Diduga Kehilangan Pendapatan Sebesar Rp 19 Triliun Pertamina Harusnya Bersikap Profesional
Pertamina kata Anggota Komisi VI DPR Ihsan Yunus semestinya fokus karena mereka harus bisa jadi agent development.
TRIBUNNEWS.COM, JAKARTA - PT Pertamina (Persero) harusnya bersikap profesional karena mengaku telah mengalami kehilangan pendapatan sebesar Rp 19 triliun dalam kurun waktu Januari hingga September 2017.
Pertamina kata Anggota Komisi VI DPR Ihsan Yunus semestinya fokus karena mereka harus bisa jadi agent development.
"Pertamina sebagai BUMN yang menurut saya paling strategis dan menopang perekonomian kita. Harusnya bekerja profesional," ujar Ihsan di Jakarta, Selasa (22/11/2017).
Menurut dia, Pertamina sebagai BUMN perminyakan merupakan tulang punggung pendapatan negara.
Politikus PDI Perjuangan ini juga tidak menerima alasan yang diungkapkan oleh Pertamina terkait penyebab kerugian tersebut.
Ihsan menilai ada kelalaian dalam pengelolaan Pertamina sehingga menyebabkan kerugian terjadi.
"Jika sistemnya yang salah kita harus perbaiki dan kalau direksinya yang salah kita harus ganti. Termasuk posisi dirutnya," tegas Ihsan.
Sebelumnya, manajemen Pertamina di bawah Elia Massa Manik mengklaim penugasan BBM satu harga dari pemerintah memberatkan keuangan perusahaan plat merah.
Namun, hal itu dibantah oleh anggota Komisi VI DPR Eni Maulani Saragih.
"Rp 19 triliun ini apakah karena beban penugasan terlalu berat atau ada proyek-proyek menguap atau karena kebocoran subsidi,"ujarnya.
Anggota dewan dari Fraksi Partai Golkar ini pun meragukan klaim Pertamina tersebut.

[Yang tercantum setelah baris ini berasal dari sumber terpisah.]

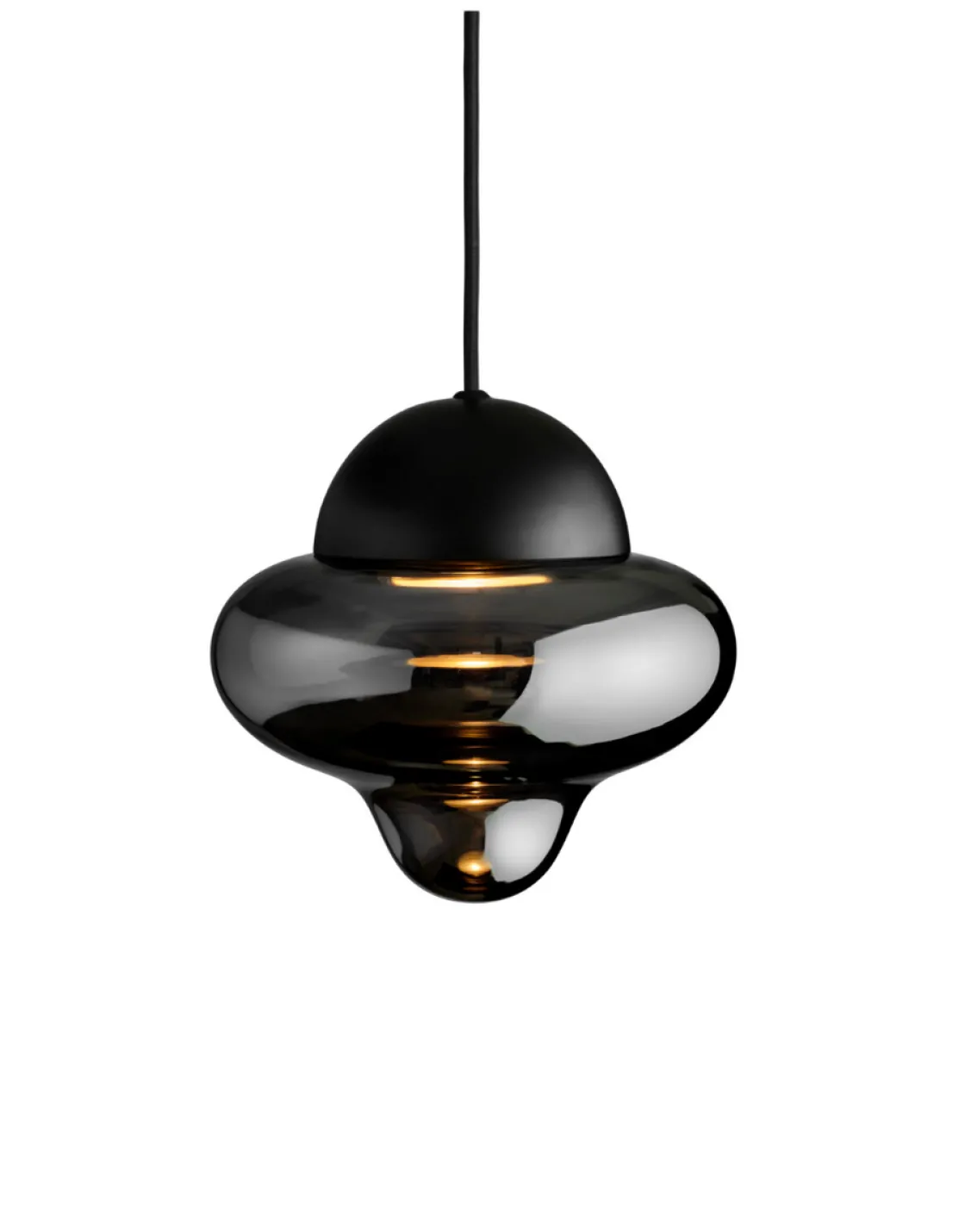 Nutty takpendel fra Design By Us er en vakker og iøyenfallende takpendel i glass. Du kan velge oppheng i sort, messing eller sølv så du finner den kombinasjonen som passer perfekt for deg. De har her brukt eikenøtten som inspirasjon til denne nye lampen. Den er litt nøtteaktig, og det er derfor de kaller denne nye taklampen Nutty. Denne lampen har integrert LED. Pendelkolleksjonen er basert på to størrelser, Nutty & Nutty XL.

"Jadi harus melakukan audit forensik karena ini kan cukup besar. Apalagi cuma dari Januari sampai September dan hanya karena penugasan BBM satu harga," jelas dia.
Komisi VII juga akan segera memanggil pihak Pertamina untuk konfirmasi kerugian yang terjadi. Sebab, Eni mengaku sanksi penyebab Pertamina merugi hanya karena program BBM satu harga.
"Apalagi program ini belum sukses seperti yang dicita-citakan Pak Jokowi bahwa program satu harga sampai ke seluruh rakyat Indonesia. Sebab, pada kenyataannya program ini masih satu harga pada tingkat pengecer, belum sampai ke konsumen akhir," ucap dia.